* [REQUIREMENT]
Could you transcribe the records below exactly, leaving out every picture?

* [INPUT DATA]
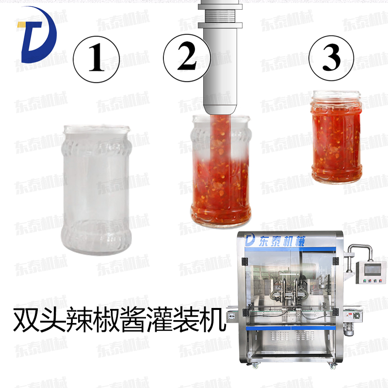 辣椒醬灌裝機采用活塞式灌裝原理,適用于調味品中帶顆粒并且濃度較大的辣椒醬、豆瓣醬、花生醬、香菇醬、果醬、牛油火鍋底料、紅油火鍋底料、蝦醬等較為粘稠醬類的灌裝。
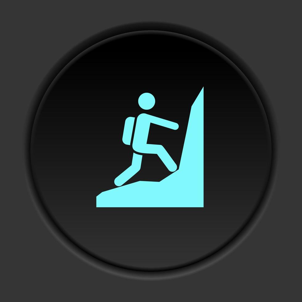 Round button icon Mountain man. Button banner round badge interface for application illustration on dark background Pro Vector and Pro SVG
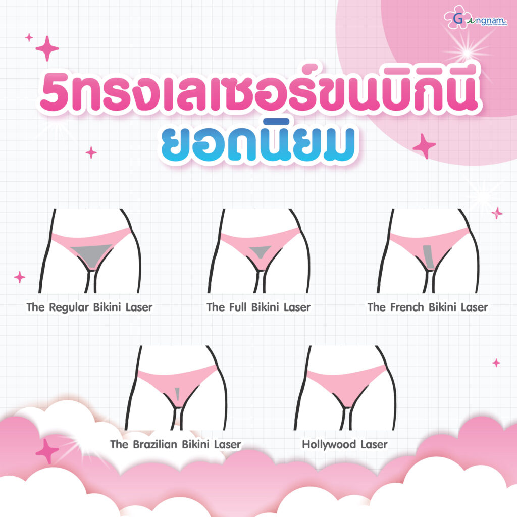 การทำเลเซอร์ขนบิกินี่มี 5 แบบ โดยจะขึ้นอยู่กับความชอบและความต้องการของแต่ละคน ได้แก่
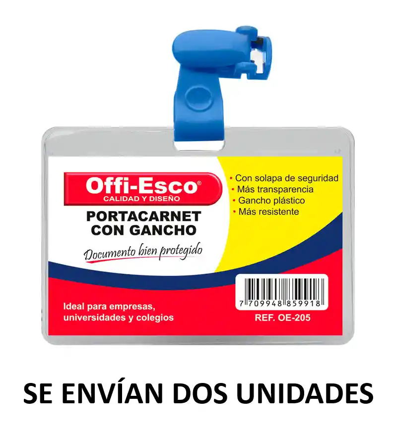 Con solapa de seguridad, Mas transparencia, Gancho plástico, Mas resistente, Ideal para empresas, universidades y colegios. Medidas: Largo 7,2 Cms, Ancho 10,2 Cms, Alto 2 mm , Peso: 10 gr
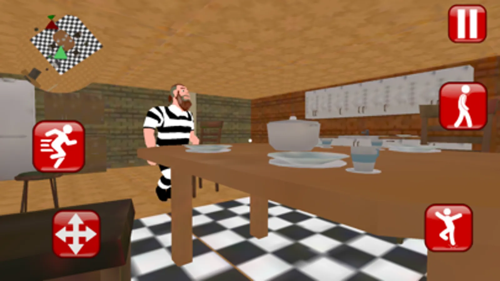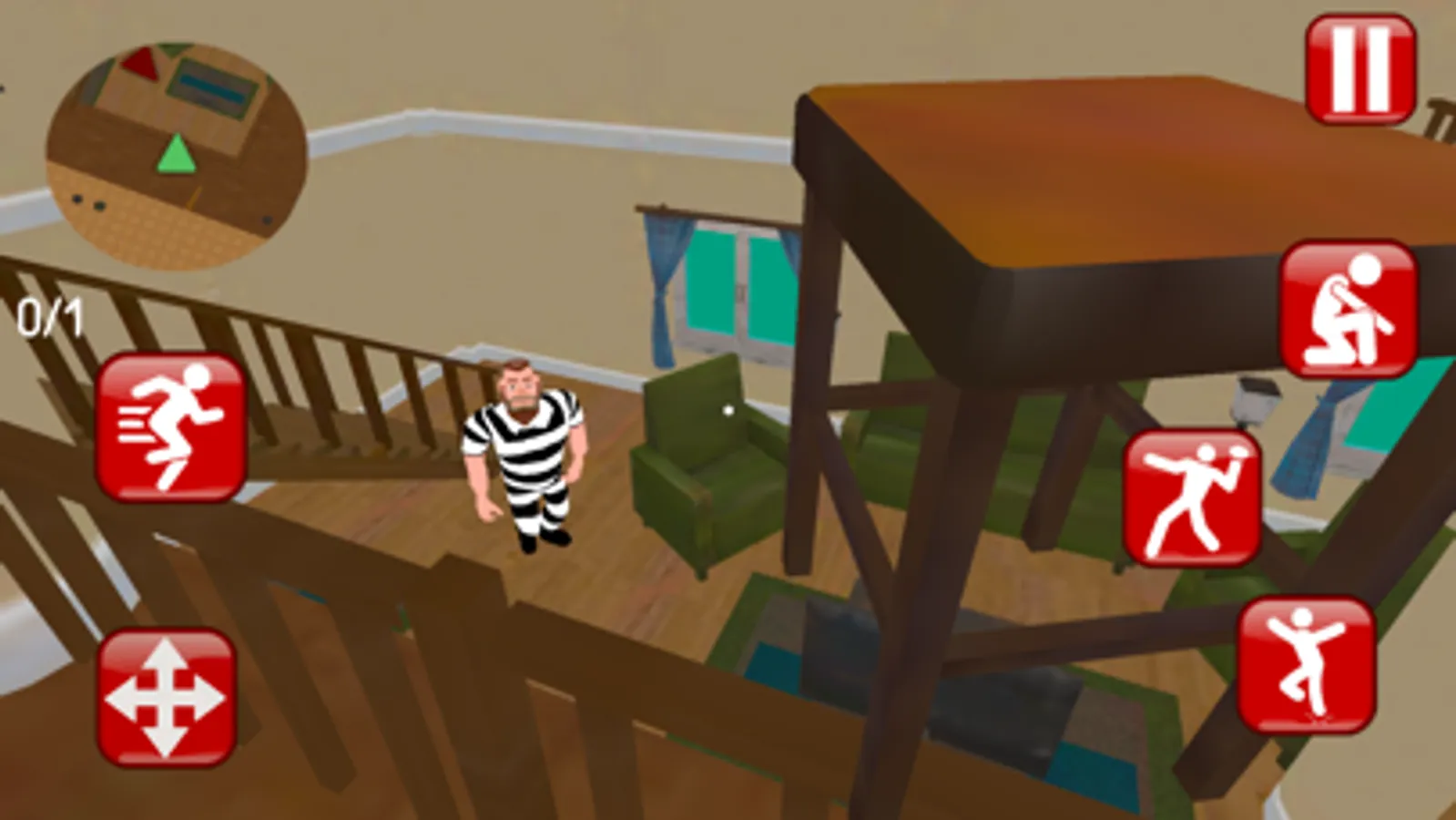 Your character must sneak to prisoner's house unnoticed. If he sees you, he will catch you! Run away if he's chasing you! You can run and hide in your house. Feel yourself like a detective in your strange neighbor's house.
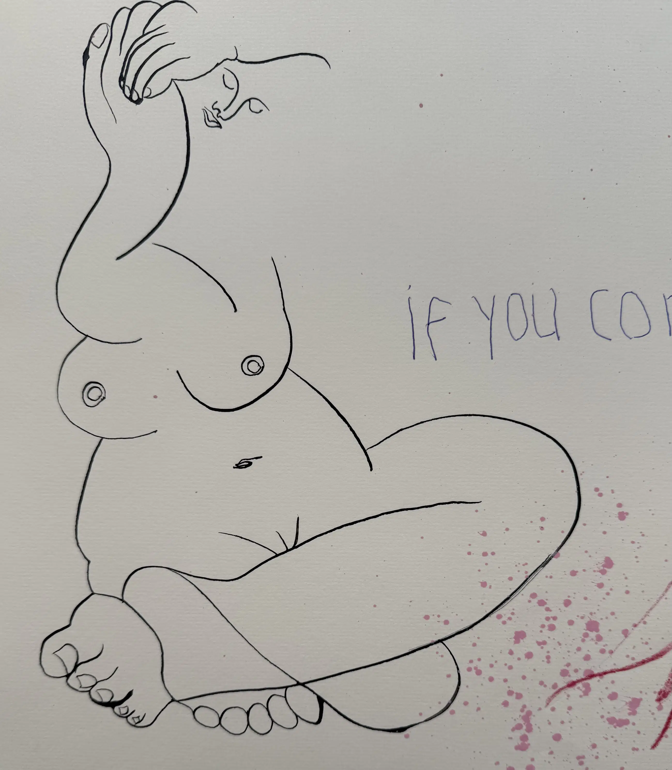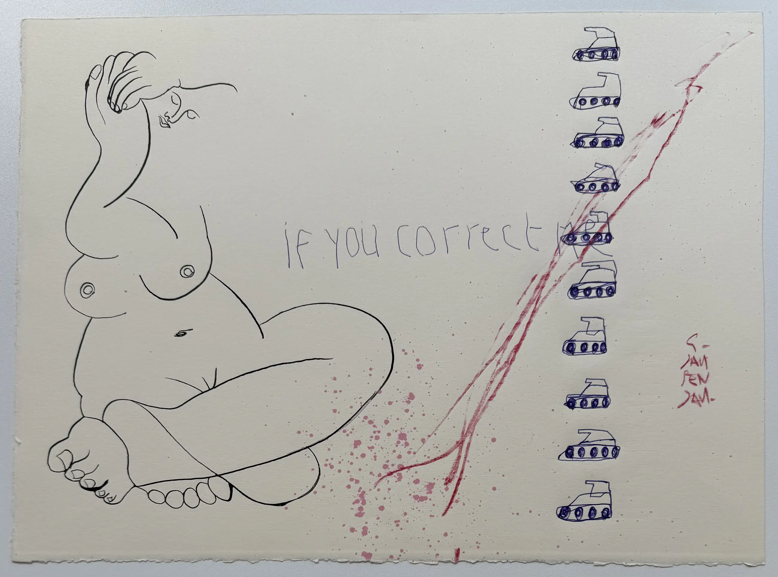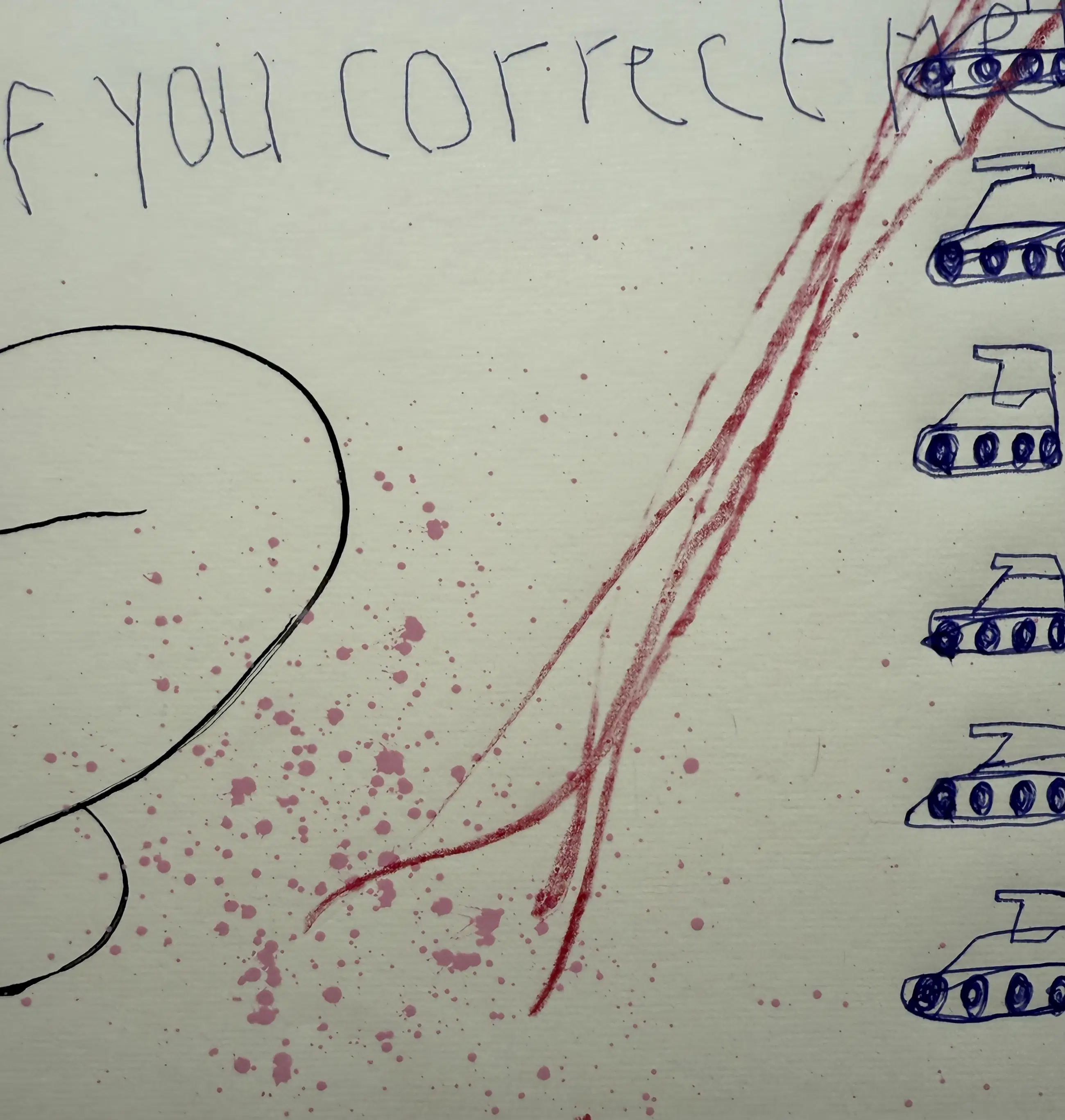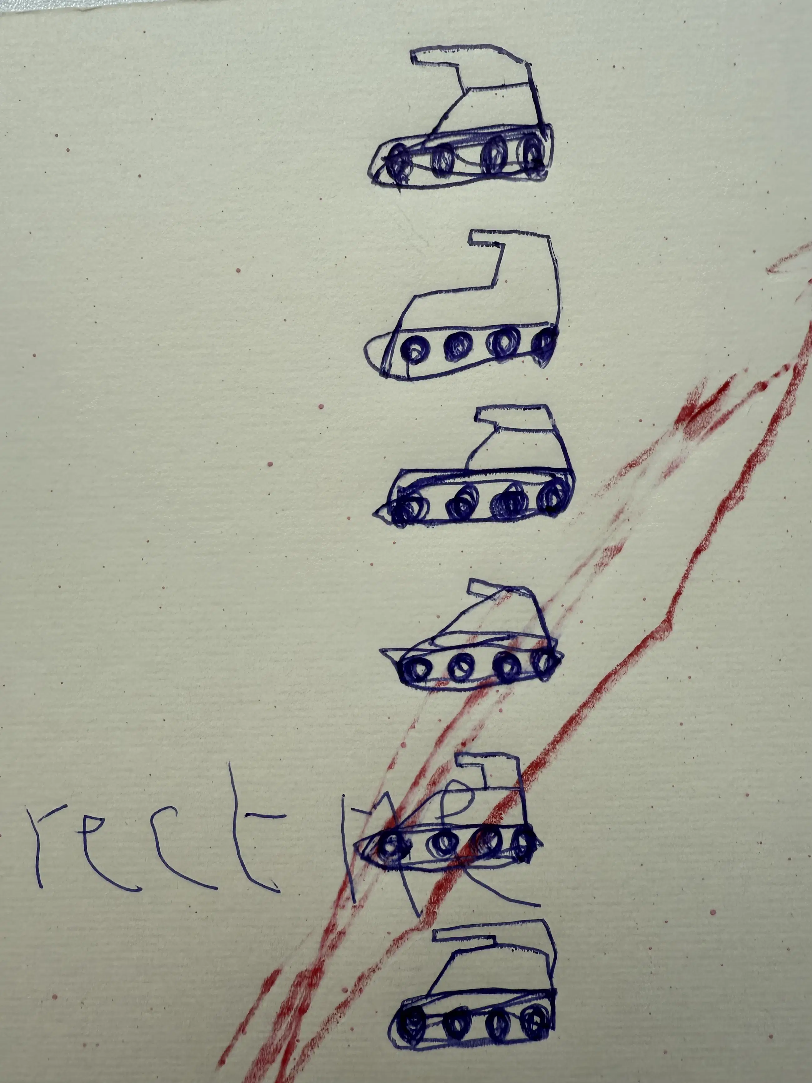 Met snelle bewegingen gaat zijn tekenpen over het papier. ‘Even afkicken’ noemt hij het. Personages en regels tekst doorkruisen het beeld. Alsof er een gevecht gaande is tussen inkt en papier. Op het eerste gezicht zijn het absurde combinaties van losse woorden, getallen, vogels en walvissen. Een regiment speelgoedtankjes trekt voorbij. De vijand wordt bestreden. Tientallen tekeningen liggen op tafel en ze krijgen allemaal een beurt. Na de inkt komt het crayon. Kleurpotloden van Cumberland, Faber-Castell, Karisma, Bruynzeel, Conté à Paris. Dozen vol Afkomstig uit andere ateliers, aangeschaft in andere tijden. En alles in grote aantallen. Chinese rietpennen en het meest exclusieve oliekrijt van Sennerlier. Maar ook ballpoints van de Hema. Als het maar schrijft. En wanneer het niet schrijft, dan krast het wel.
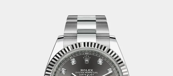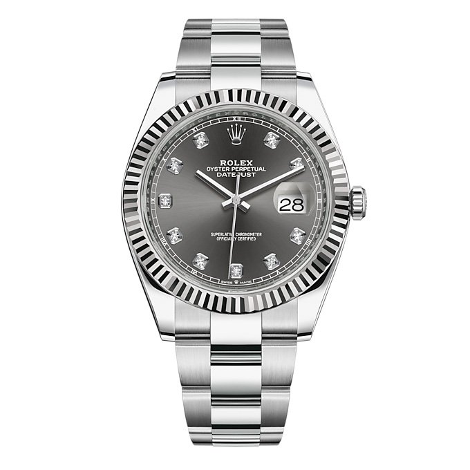 THIS OYSTER PERPETUAL DATEJUST 41 IN OYSTERSTEEL AND WHITE GOLD FEATURES A SLATE, DIAMOND-SET DIAL AND AN OYSTER BRACELET.、
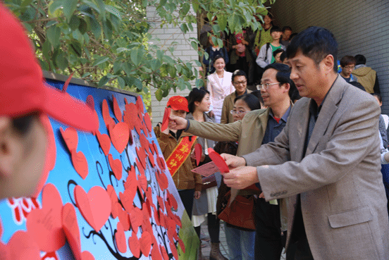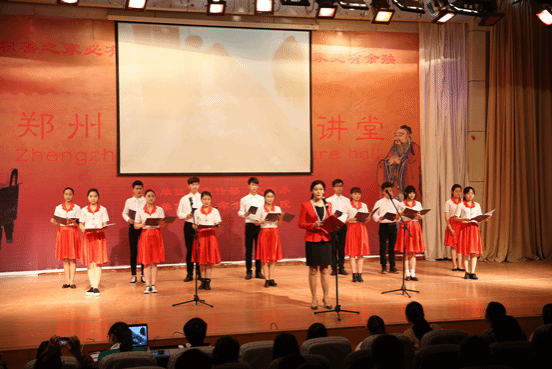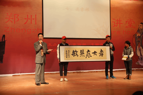 本次道德讲堂共分省自身、诵经典、学模范、发善心、唱歌曲、崇德躬、送吉祥、一堂一善事八个环节。活动开始,全体起立,随着舒缓的音乐,在主持人的引导下,闭目反省对父母的孝道。接着,在全场师生共同诵读《孝经纪孝行章第十》孝子之事亲片段后,郑州师范学院师生志愿者深情合诵了《爱,擦亮天空献给孝女底慧敏》,以朴实的语言、诗歌的形式为观众描绘出一个柔弱而又坚强、孝顺的女孩。然后,底慧敏讲述了她带母求学、孝敬父母,面对困难不屈不挠、自强自立的感人经历,学院党总支副书记周红杰讲述了帮扶过程,现场观众无不动容,深受感动和启发。学生代表上台发言,分享了我眼中的底慧敏,表达了以底慧敏为榜样,孝顺父母,回报社会的态度和想法。生科2班全体师生合唱歌曲《和你一样》,通过歌声传达真挚的情感,共同向无数伸出援助之手的各界人士表示感谢。随后,全体起立,心怀崇德之心共同向代表中华传统美德的老子像深深鞠躬,心灵受到了道德的洗礼。最后,现场师生们在自制红心卡片上留言,写下内心的感触和对底慧敏的祝福,并贴到活动现场的爱心树上,送吉祥给这位善良、坚强的女孩。学校马敬国老师将书法作品孝女底慧敏赠送给底慧敏。全场洋溢着崇德向善的浓厚氛围。会后,生命科学学院将于4月25日赴二七区恒爱敬老院开展关爱老人志愿活动。

* [EXERCISE RESPONSE]
 辣椒醬灌裝機采用活塞式灌裝原理,適用于調味品中帶顆粒并且濃度較大的辣椒醬、豆瓣醬、花生醬、香菇醬、果醬、牛油火鍋底料、紅油火鍋底料、蝦醬等較為粘稠醬類的灌裝。
 Round button icon Mountain man. Button banner round badge interface for application illustration on dark background Pro Vector and Pro SVG
 การทำเลเซอร์ขนบิกินี่มี 5 แบบ โดยจะขึ้นอยู่กับความชอบและความต้องการของแต่ละคน ได้แก่
 Con solapa de seguridad, Mas transparencia, Gancho plástico, Mas resistente, Ideal para empresas, universidades y colegios. Medidas: Largo 7,2 Cms, Ancho 10,2 Cms, Alto 2 mm , Peso: 10 gr
 Your character must sneak to prisoner's house unnoticed. If he sees you, he will catch you! Run away if he's chasing you! You can run and hide in your house. Feel yourself like a detective in your strange neighbor's house.
 Met snelle bewegingen gaat zijn tekenpen over het papier. ‘Even afkicken’ noemt hij het. Personages en regels tekst doorkruisen het beeld. Alsof er een gevecht gaande is tussen inkt en papier. Op het eerste gezicht zijn het absurde combinaties van losse woorden, getallen, vogels en walvissen. Een regiment speelgoedtankjes trekt voorbij. De vijand wordt bestreden. Tientallen tekeningen liggen op tafel en ze krijgen allemaal een beurt. Na de inkt komt het crayon. Kleurpotloden van Cumberland, Faber-Castell, Karisma, Bruynzeel, Conté à Paris. Dozen vol Afkomstig uit andere ateliers, aangeschaft in andere tijden. En alles in grote aantallen. Chinese rietpennen en het meest exclusieve oliekrijt van Sennerlier. Maar ook ballpoints van de Hema. Als het maar schrijft. En wanneer het niet schrijft, dan krast het wel.
 THIS OYSTER PERPETUAL DATEJUST 41 IN OYSTERSTEEL AND WHITE GOLD FEATURES A SLATE, DIAMOND-SET DIAL AND AN OYSTER BRACELET.、
 本次道德讲堂共分省自身、诵经典、学模范、发善心、唱歌曲、崇德躬、送吉祥、一堂一善事八个环节。活动开始,全体起立,随着舒缓的音乐,在主持人的引导下,闭目反省对父母的孝道。接着,在全场师生共同诵读《孝经纪孝行章第十》孝子之事亲片段后,郑州师范学院师生志愿者深情合诵了《爱,擦亮天空献给孝女底慧敏》,以朴实的语言、诗歌的形式为观众描绘出一个柔弱而又坚强、孝顺的女孩。然后,底慧敏讲述了她带母求学、孝敬父母,面对困难不屈不挠、自强自立的感人经历,学院党总支副书记周红杰讲述了帮扶过程,现场观众无不动容,深受感动和启发。学生代表上台发言,分享了我眼中的底慧敏,表达了以底慧敏为榜样,孝顺父母,回报社会的态度和想法。生科2班全体师生合唱歌曲《和你一样》,通过歌声传达真挚的情感,共同向无数伸出援助之手的各界人士表示感谢。随后,全体起立,心怀崇德之心共同向代表中华传统美德的老子像深深鞠躬,心灵受到了道德的洗礼。最后,现场师生们在自制红心卡片上留言,写下内心的感触和对底慧敏的祝福,并贴到活动现场的爱心树上,送吉祥给这位善良、坚强的女孩。学校马敬国老师将书法作品孝女底慧敏赠送给底慧敏。全场洋溢着崇德向善的浓厚氛围。会后,生命科学学院将于4月25日赴二七区恒爱敬老院开展关爱老人志愿活动。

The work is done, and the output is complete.